Before Google and the introduction of PageRank, web search engines struggled to deliver high-quality, relevant results. As the internet rapidly expanded during the 1990s, the number of web pages grew into the millions, then billions — but search technology failed to keep up with that growth in a meaningful way.

Most early search engines (like AltaVista, Lycos, and Excite) relied heavily on simple keyword matching to retrieve results. They would look for pages that contained the same words as the user's query, and rank them based on factors like:

Frequency of the keyword

Location of the keyword (e.g., title or body)

Basic metadata

While this approach was easy to implement, it had major weaknesses:

It was easy to manipulate (via keyword stuffing).

It treated all pages as equally trustworthy or important.

It didn’t consider how humans value content — through references and links.

There was no good way to determine which pages were actually important or trustworthy. A personal blog and a university website could rank equally if they both mentioned the same keywords.

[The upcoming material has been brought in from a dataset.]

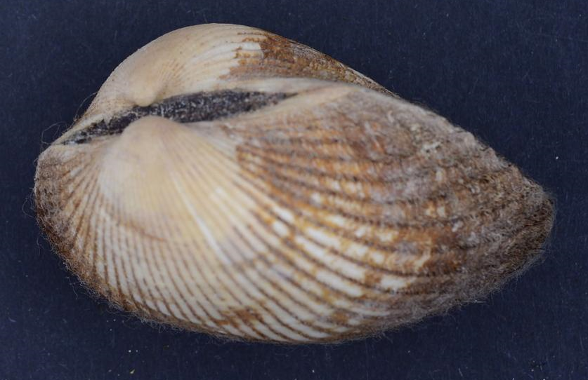 Anadara antiquata (Linnaeus, 1758) , Arcidae, Bivalvia, cropped from File:Naturalis Biodiversity Center - ZMA.MOLL.410924 - Anadara antiquata (Linnaeus, 1758) - Arcidae - Mollusc shell.jpeg

This meant that relevance and quality often suffered.

Search engines needed a way to:

Filter spammy or low-quality pages

Highlight content that was trusted or referenced by others

Deliver more objective and useful results for users

This set the stage for a fundamentally new idea: using link structure to infer page importance — the idea behind PageRank.

---

## **History of PageRank**

A search engine called **RankDex** from IDD Information Services, designed by **Robin Li** in 1996, developed a strategy for site-scoring and page-ranking.It was one of the first search engines to use **link analysis**-which is ranking the popularity of a web site based on how many other sites had linked to it for ranking pages meaning it also considered hyperlink structure, not just keywords.**RankDex**, the first search engine with page-ranking and site-scoring algorithms, was launched in 1996.**Li** filed a patent for the technology in **RankDex** in 1997.It was granted in 1999.He later used it when he founded Baidu in China in 2000.Google founder **Larry Page** referenced **Li's work** as a citation in some of his U.S. patents for **PageRank**.
**Larry Page** and **Sergey Brin** developed **PageRank** at Stanford University in 1996 as part of a research project about a new kind of search engine. An interview with Héctor García-Molina, Stanford Computer Science professor and advisor to Sergey,provides background into the development of the page-rank algorithm.Sergey Brin had the idea that information on the web could be ordered in a hierarchy by **link popularity**-a page ranks higher as there are more links to it.The system was developed with the help of Scott Hassan and Alan Steremberg, both of whom were cited by Page and Brin as being critical to the development of Google. Rajeev Motwani and Terry Winograd co-authored with Page and Brin the first paper about the project, describing **PageRank** and the initial prototype of the [Google search engine](https://en.wikipedia.org/wiki/Google_Search), published in 1998.
> 📜 [*"The Anatomy of a Large-Scale Hypertextual Web Search Engine"*](http://infolab.stanford.edu/pub/papers/google.pdf)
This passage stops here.